Virginians continue to reach out with specific problems they are having, particularly those trying to access their second EIP. Below, I lay out the three most prevalent issues my staff has identified. To help me respond adequately to my constituents, please review the three issues and answer the following related questions.

  1. Couples that filed a 2019 tax return as married filing jointly are reporting that only one spouse received a second EIP even though they received a joint EIP in the first round. When the spouse not receiving the payment checked the IRS’s Get My Payment App, there was no information. Is the couple’s only recourse to claim a Recovery Rebate Credit (RRC)? Is there a reason why the second EIP was treated differently in this situation? Can the IRS take steps to ensure the same problem does not occur with the third EIP?
  2. A number of my constituents who are Social Security recipients received the first EIP via direct deposit or direct express card but did not receive the second EIP. The IRS has said those constituents can file a tax return and claim a RRC but I am concerned for those Social Security recipients who are non-filers and are less equipped to file a tax return to claim their RRC. I am also concerned that these same constituents will not receive their third EIP. Please explain why the IRS did not send the second (December) round of EIPs automatically to Social Security recipients. Will the IRS commit to sending past due checks to Social Security recipients who should have received them? For the third round of EIPs, can the IRS commit to automatically sending checks to Social Security recipients? If not, why not?
  3. Last year, the IRS created a Non-Filers tool to allow non-filers to gain access to the first round of EIPs to address this problem and make it easier for non-filers to access their EIP. Why did the IRS not reopen the Non-Filers tool to help Americans access their second EIP? Will the IRS commit to reopening the Non-Filers tool for the third round of EIP to ensure non-filers can easily access their third EIP? And will they be allowed to use this tool to claim checks owed to them from the first two rounds?

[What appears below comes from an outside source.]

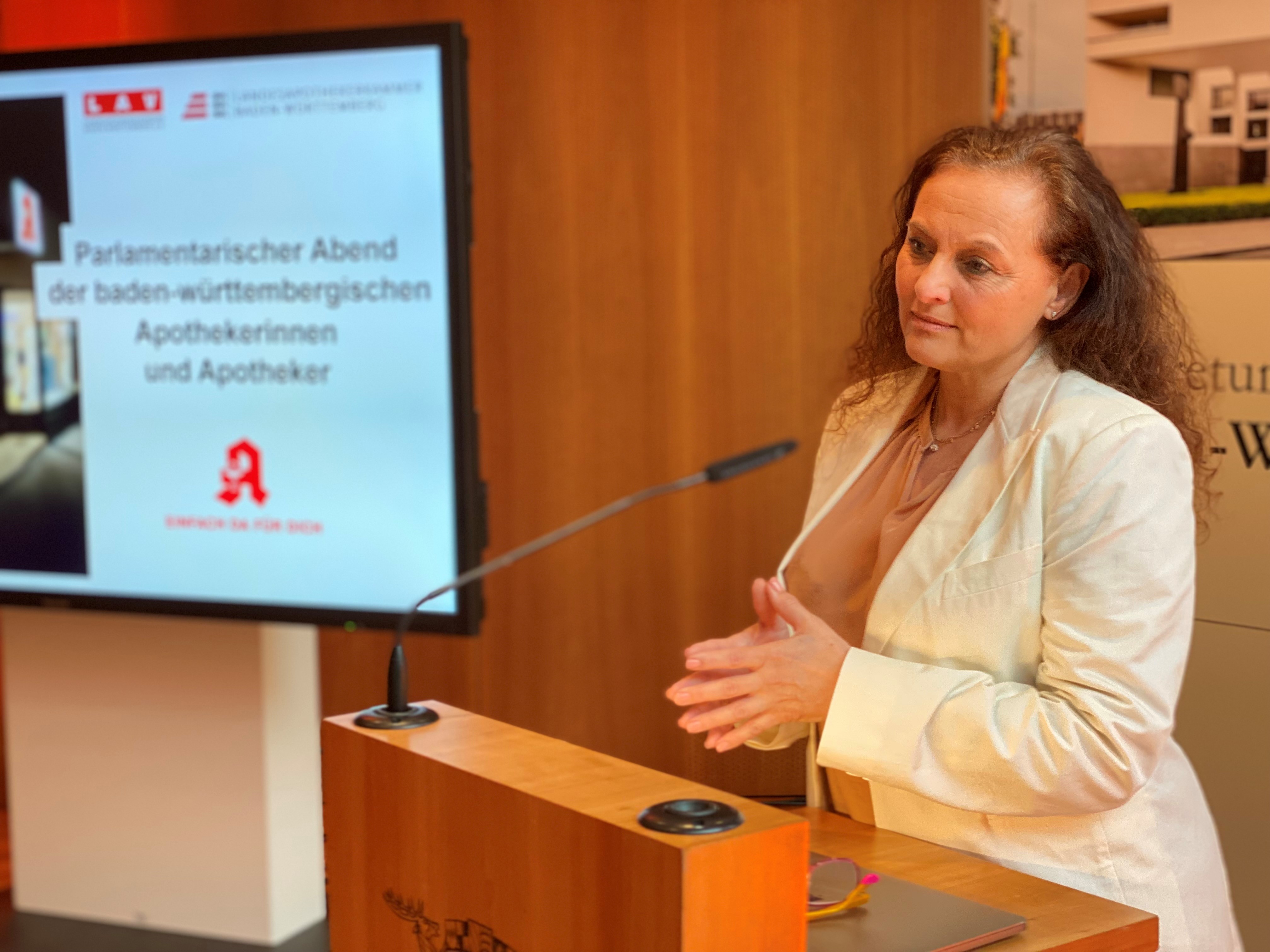 Bei ihrem parlamentarischen Abend informierten Kammer und Verband aus Baden-Württemberg die Politikerinnen und Politiker über die wirtschaftlich angespannte Lage der Apotheken. Jeder dritte Betrieb könnte in den nächsten zehn Jahren wegfallen, schon jetzt erwirtschafte jede zehnte Apotheke nach Abzug aller Betriebskosten keinen Gewinn mehr, so Verbandschefin Tatjana Zambo.

A number of constituents reported that the IRS’s Get May Payment application showed that they would either receive their payment via direct deposit or check but they never received it. Although the payment was issued to them and they qualified based on their 2019 tax return, the RRC is based on their 2020 tax filing. In some situations this has eliminated constituents’ eligibility for the second EIP. Will the IRS offer any flexibility or recourse for constituents in these circumstances?

I know the IRS is working diligently to serve the American people, and I welcome our continued collaboration to help Americans across the country. Thank you for your attention to this important issue.